Excluding pictures, retype exactly the lines from the one with "Co je moje, bude" through the end of the records that follow.

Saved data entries
——————————
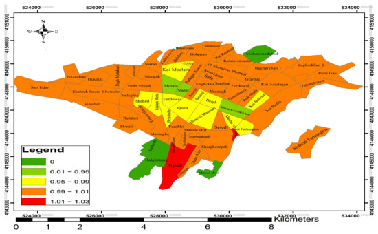 Figure 5 shows the spatial distribution of the day to night population ratio of Bojnourd. Figure 5 shows that neighborhoods with high population ratios are more concentrated in the neighborhoods from Shahrak Alghadir, Dabaghkhane, Bagh Aziz, Bagh Motahari, and Taher Gholam, which include with 1.039, 1.021, 1.015, 1.012, and 1.011 ratios, respectively. The higher day to night population ratio in a given area can indicate a greater proportion of commercial land-use than the proportion of residential land use.
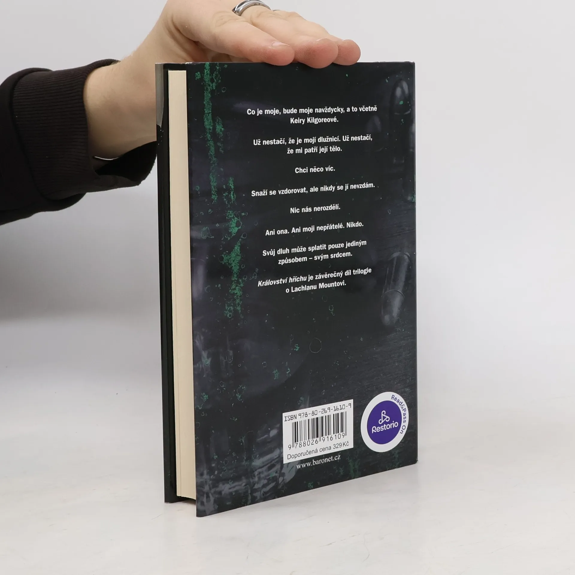Co je moje, bude moje navždycky, a to včetně Keiry Kilgoreové. Už nestačí, že je mojí dlužnicí. Už nestačí, že mi patří její tělo. Chci něco víc. Snaží se vzdorovat, ale nikdy se jí nevzdám. Nic nás nerozdělí. Ani ona. Ani moji nepřátelé. Nikdo. Svůj dluh může splatit pouze jediným způsobem – svým srdcem. Království hříchu je závěrečný díl trilogie o Lachlanu Mountovi.
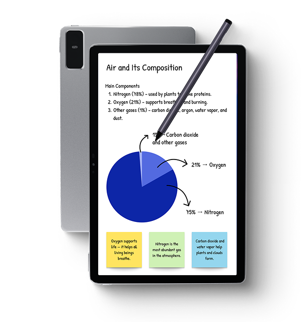 Precise pen input for writing and notes.
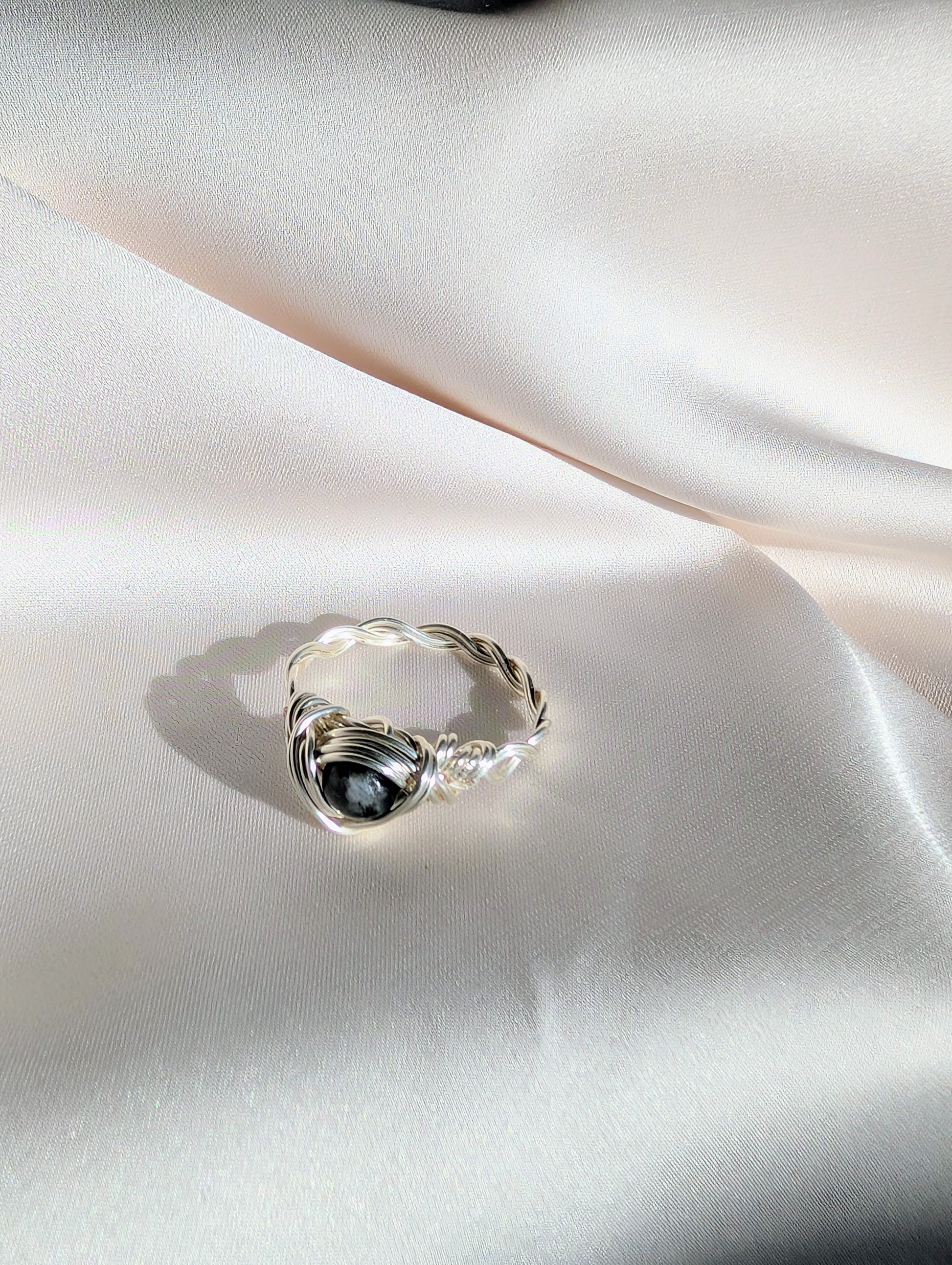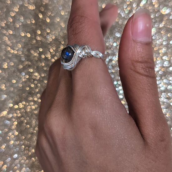 Discover the captivating allure of this Labradorite ring, featuring a shimmering bead wrapped in elegant copper wire. Choose between silver or gold plating to match your style, and select either a delicate woven band or a durable strong band for everyday wear. This ring not only enhances your look with its mystical charm but also offers lasting comfort and versatility. Elevate your accessory collection with a piece that seamlessly blends natural beauty and craftsmanship.
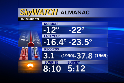 Last month saw the warmest high top -2C and the coldest low -30.9C. The last time Winnipeg has seen an above freezing high was on November 16th, 2010 with a high topping 11.7C!
——————————
### Completed task:
Co je moje, bude moje navždycky, a to včetně Keiry Kilgoreové. Už nestačí, že je mojí dlužnicí. Už nestačí, že mi patří její tělo. Chci něco víc. Snaží se vzdorovat, ale nikdy se jí nevzdám. Nic nás nerozdělí. Ani ona. Ani moji nepřátelé. Nikdo. Svůj dluh může splatit pouze jediným způsobem – svým srdcem. Království hříchu je závěrečný díl trilogie o Lachlanu Mountovi.
 Precise pen input for writing and notes.
 Discover the captivating allure of this Labradorite ring, featuring a shimmering bead wrapped in elegant copper wire. Choose between silver or gold plating to match your style, and select either a delicate woven band or a durable strong band for everyday wear. This ring not only enhances your look with its mystical charm but also offers lasting comfort and versatility. Elevate your accessory collection with a piece that seamlessly blends natural beauty and craftsmanship.
 Last month saw the warmest high top -2C and the coldest low -30.9C. The last time Winnipeg has seen an above freezing high was on November 16th, 2010 with a high topping 11.7C!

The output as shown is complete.